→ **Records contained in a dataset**
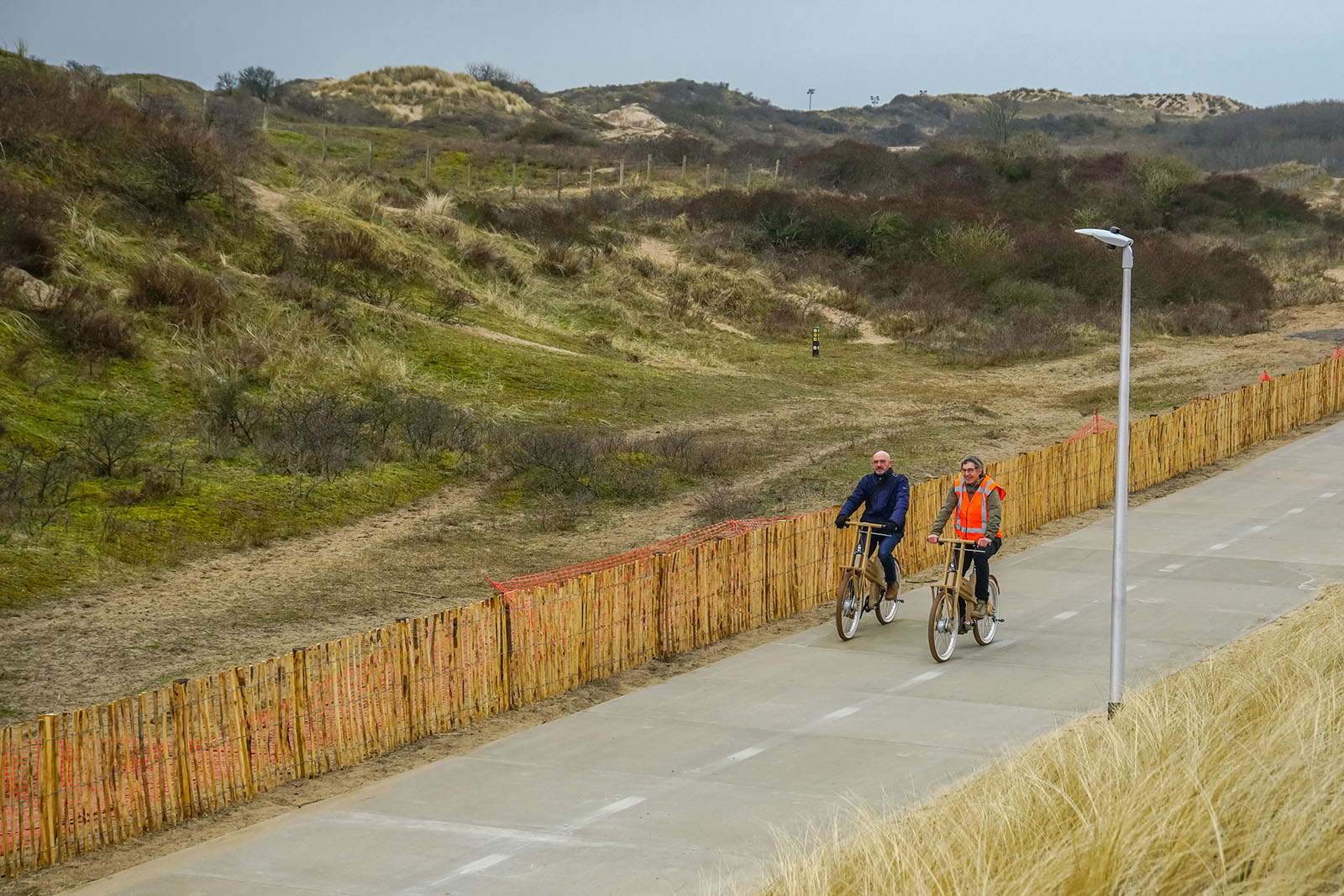 Voor de realisatie van het fietspad is gebruik gemaakt van duurzame materialen. Zo is er onder andere gekozen voor betonplaten in plaats van asfalt. De betonplaten zijn duurzaam geproduceerd, gaan langer mee dan asfalt en hebben bijna geen onderhoud nodig. De wandelpaden zijn uitgevoerd met schelpen, zodat een natuurlijke uitstraling behouden blijft. Een andere duurzame toepassing is led verlichting, voorzien van Tvilight aansturing, waarbij rekening wordt gehouden met de natuur en de omwonenden. Deze verlichting beweegt in het donker met de fietser mee door geleidelijk genoeg op te lichten voor goed zicht, en wordt vervolgens gedimd. Hierdoor is er minder sprake van lichtvervuiling en energieverspilling.
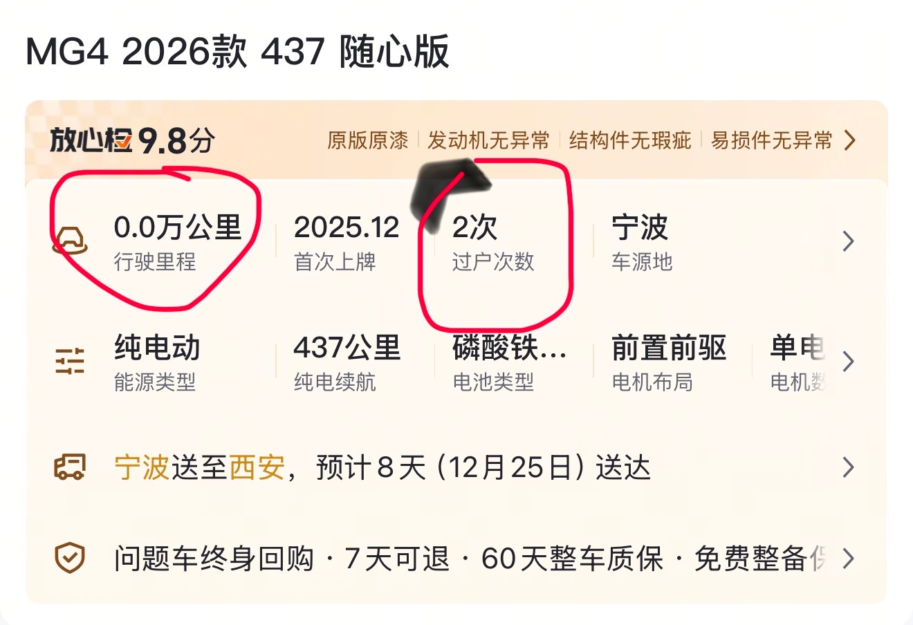 零公里的名爵MG4 2026款 437 随心版一口价5.99万相比新车便宜了快一万有意思的是,零公里车却过户了两次这是什么操作?◔‸◔?
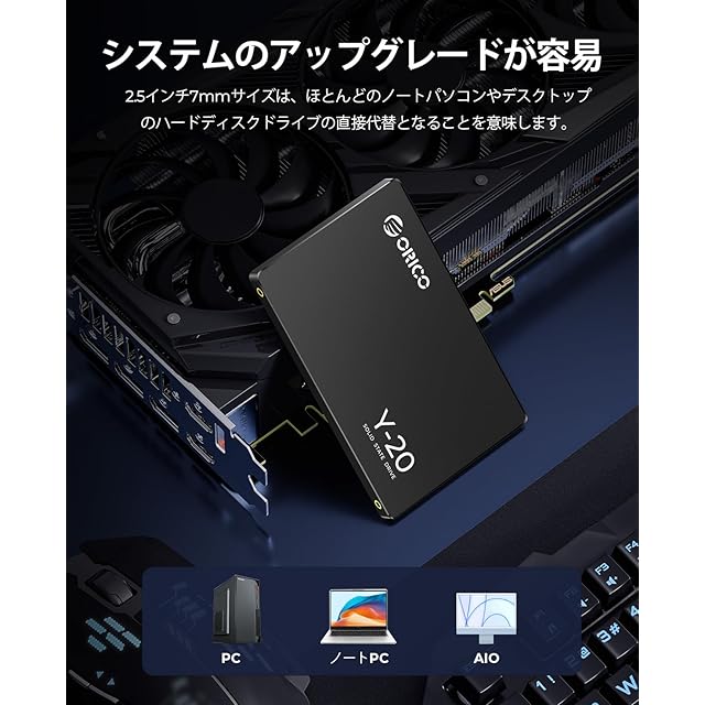 商品名:ORICO Y20 512GB 内蔵型SSD 2.5インチ 7mm 3D NAND採用 SATAIII 6Gb/s 最大読込:500MB/s (R:500MB/s、W:450MB/s) PS4動作確認済み 内蔵SSD 高耐久 メーカー 3年
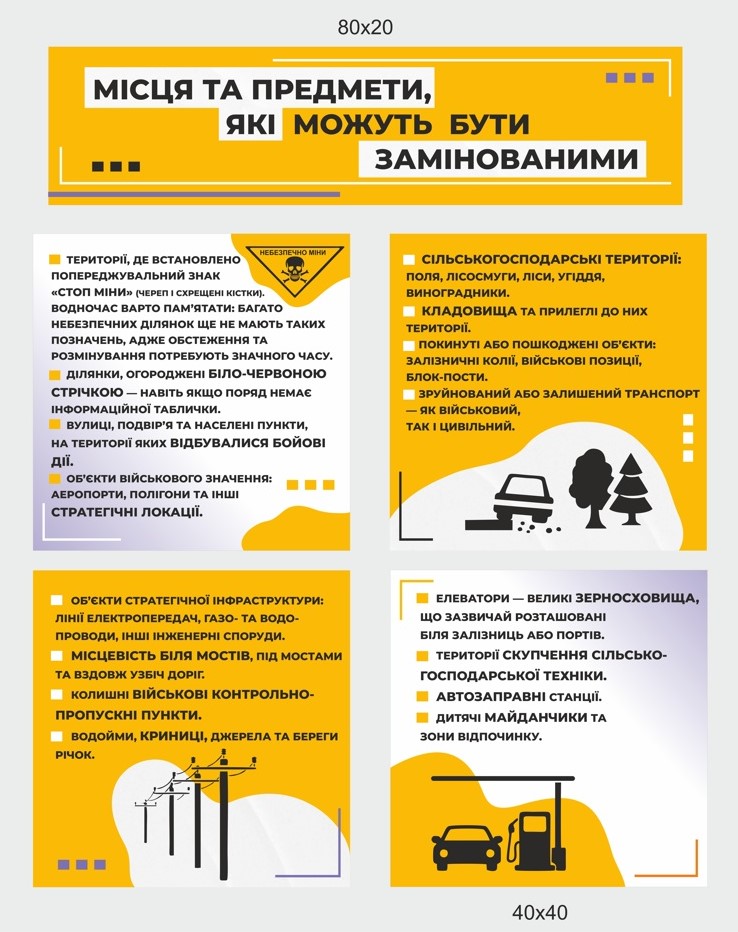 Потенційно небезпечними можуть бути як спеціально позначені території зі знаками «Обережно міни», так і зовні безпечні на перший погляд місця. До зони ризику належать території, де відбувалися бойові дії, покинуті будівлі, сільськогосподарські угіддя, лісосмуги, узбіччя доріг, водойми, інфраструктурні об’єкти, транспорт та навіть дитячі майданчики. Важливо розуміти, що відсутність попереджувальних знаків не гарантує безпеки, адже процес розмінування є тривалим і складним.
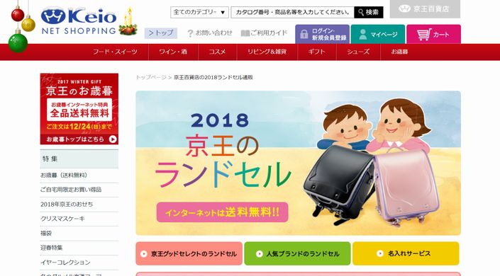 2018年新入学向けの京王百貨店のランドセル通販コーナーでは、さまざまな種類のアイテムが扱われています。
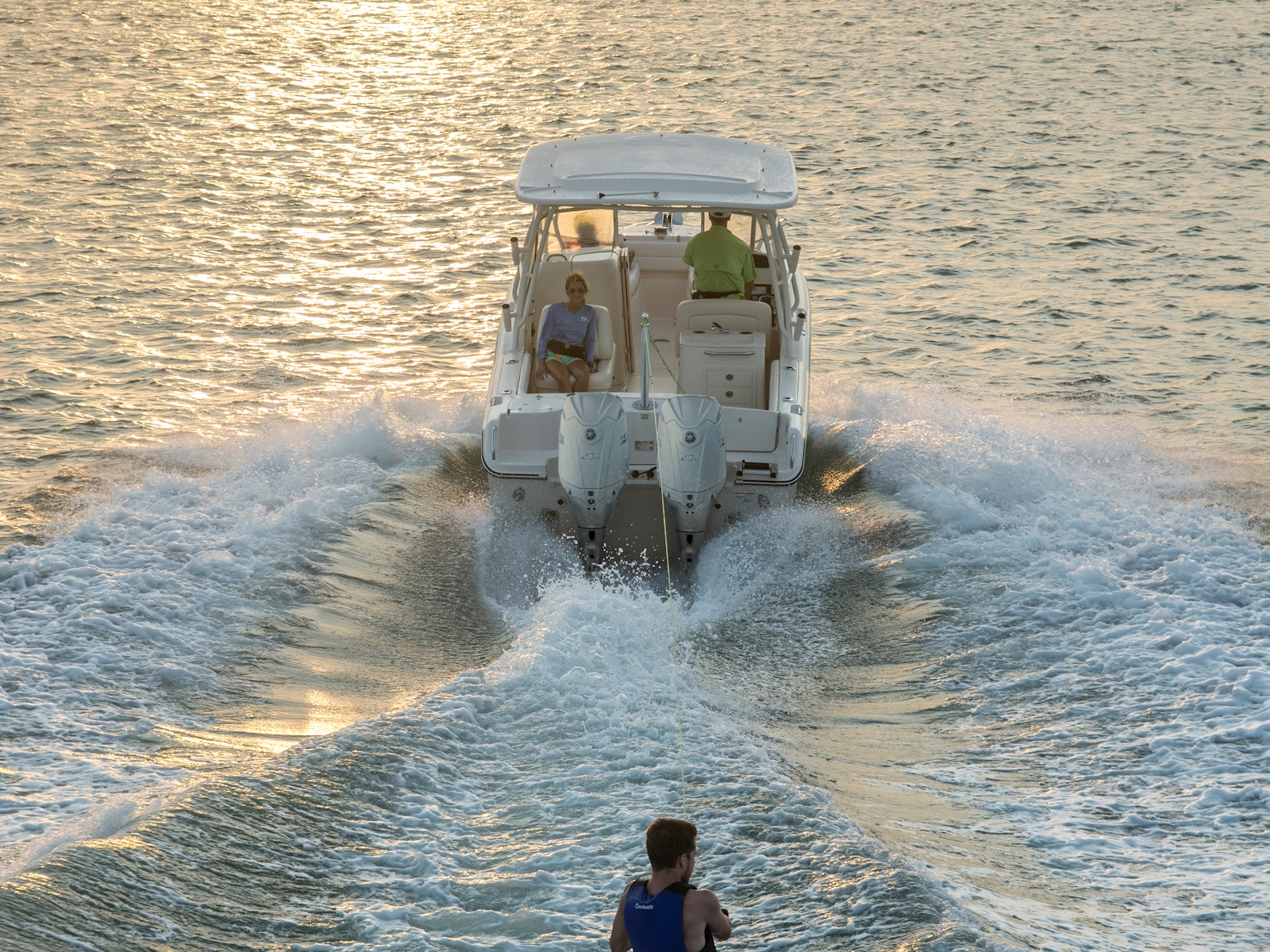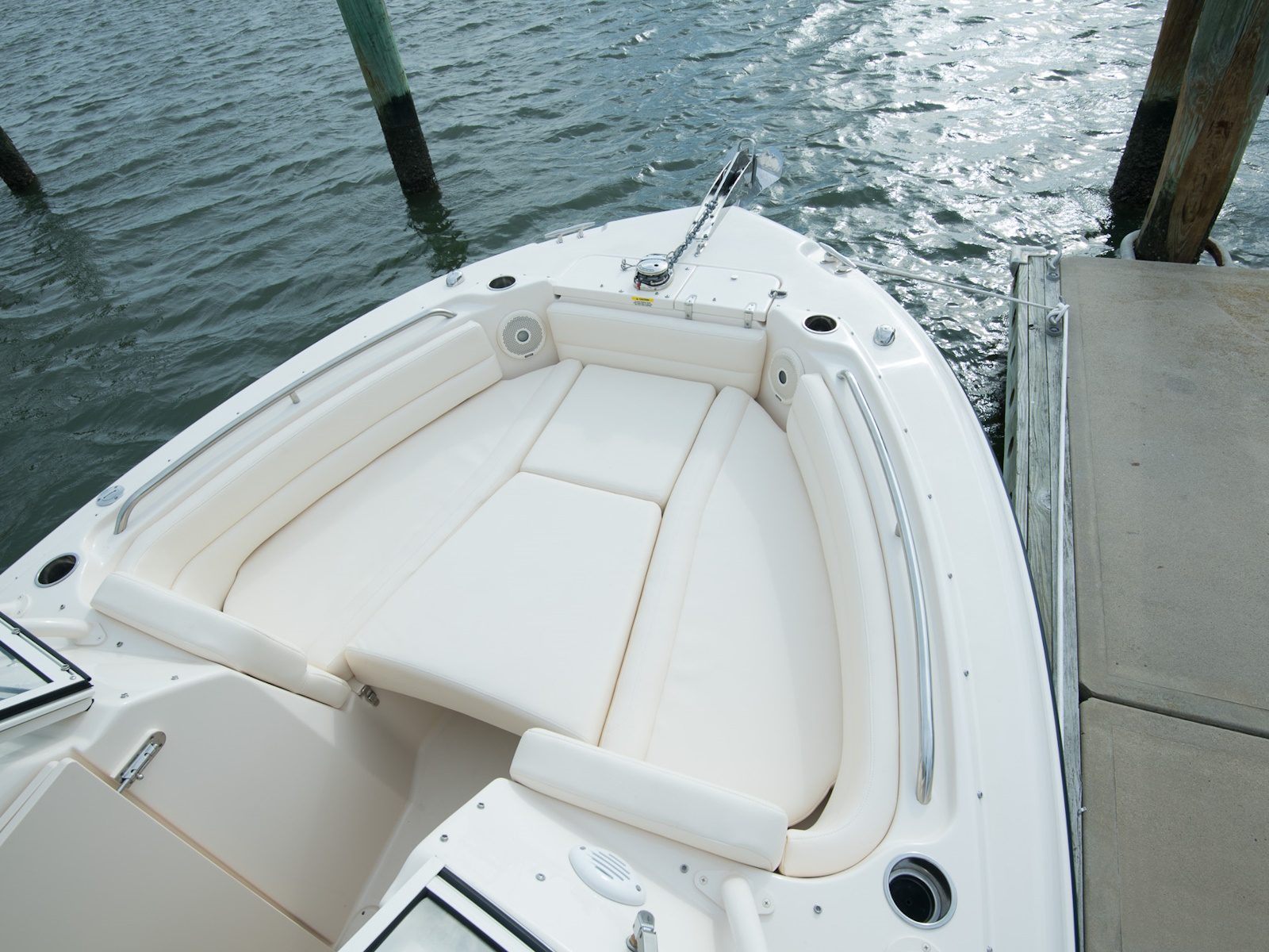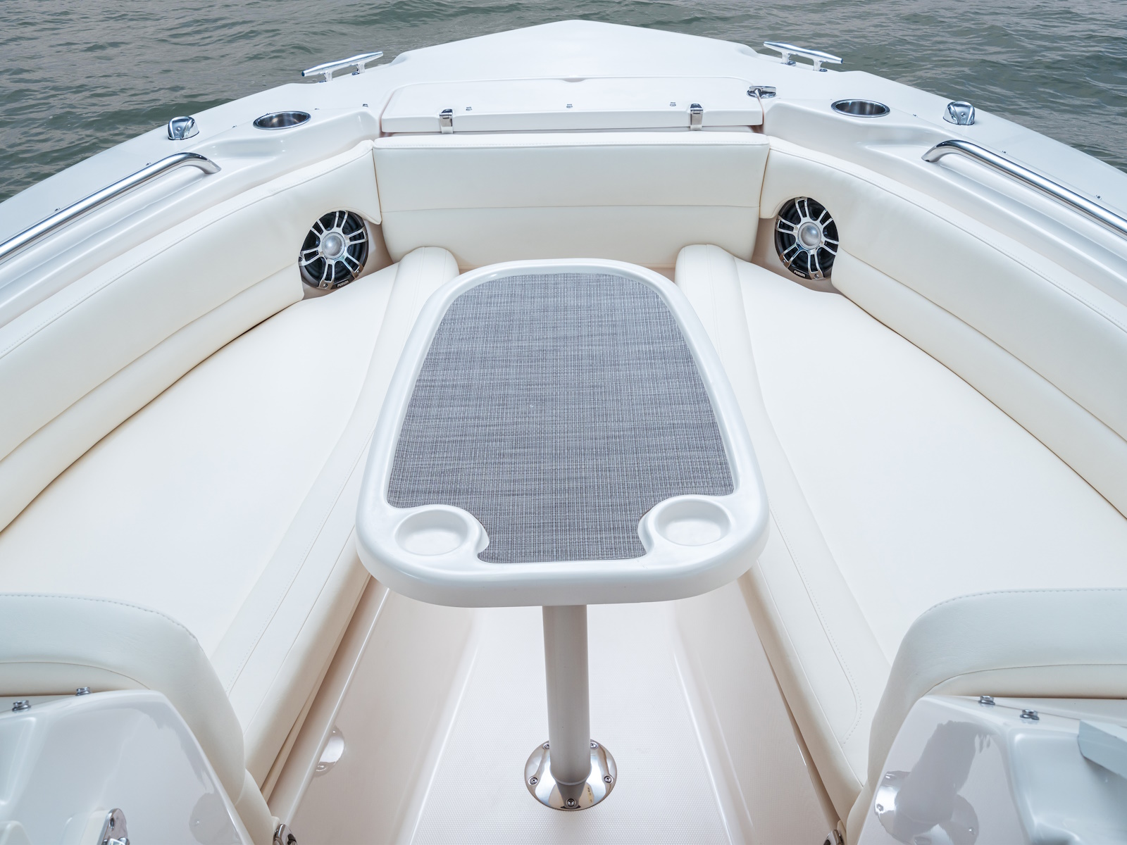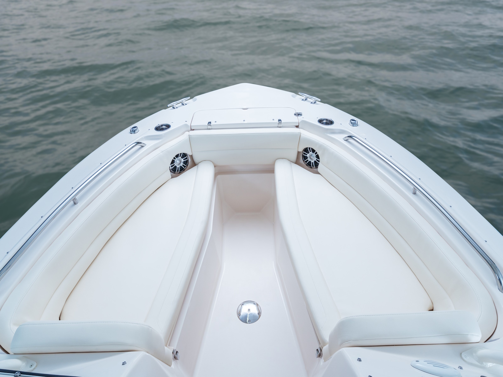 A saltwater fishing and family cruiser, this unsinkable 25-foot dual console boat comes with deluxe seating and plenty of convenient storage for sport fishing gear, water toys, and picnic and camping equipment. You’ll get to offshore fishing grounds quickly and in comfort on the award-winning SeaV²® hull with the twin 200 Yamaha engine package, one of three options for this multi-purpose, best-in-class dual console fishing boat. Plus, a spacious enclosed head area assures all-day comfort and enjoyment.
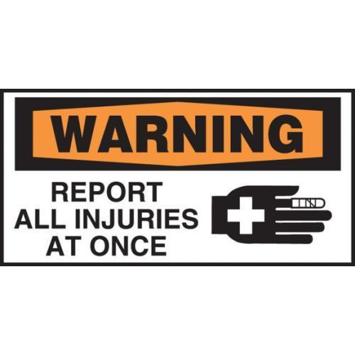 Accuform, LGNF335XVE, 1-1/2" x 3" OSHA Warning Safety Label "Report All Injuries at Once" Adhesive Dura Vinyl

→ **Exercise goal**
Could you repeat, exactly and with nothing else, the lines from the one containing "A saltwater fishing" through the last line of the records above, leaving out the pictures?

→ **Problem solution**
 A saltwater fishing and family cruiser, this unsinkable 25-foot dual console boat comes with deluxe seating and plenty of convenient storage for sport fishing gear, water toys, and picnic and camping equipment. You’ll get to offshore fishing grounds quickly and in comfort on the award-winning SeaV²® hull with the twin 200 Yamaha engine package, one of three options for this multi-purpose, best-in-class dual console fishing boat. Plus, a spacious enclosed head area assures all-day comfort and enjoyment.
 Accuform, LGNF335XVE, 1-1/2" x 3" OSHA Warning Safety Label "Report All Injuries at Once" Adhesive Dura Vinyl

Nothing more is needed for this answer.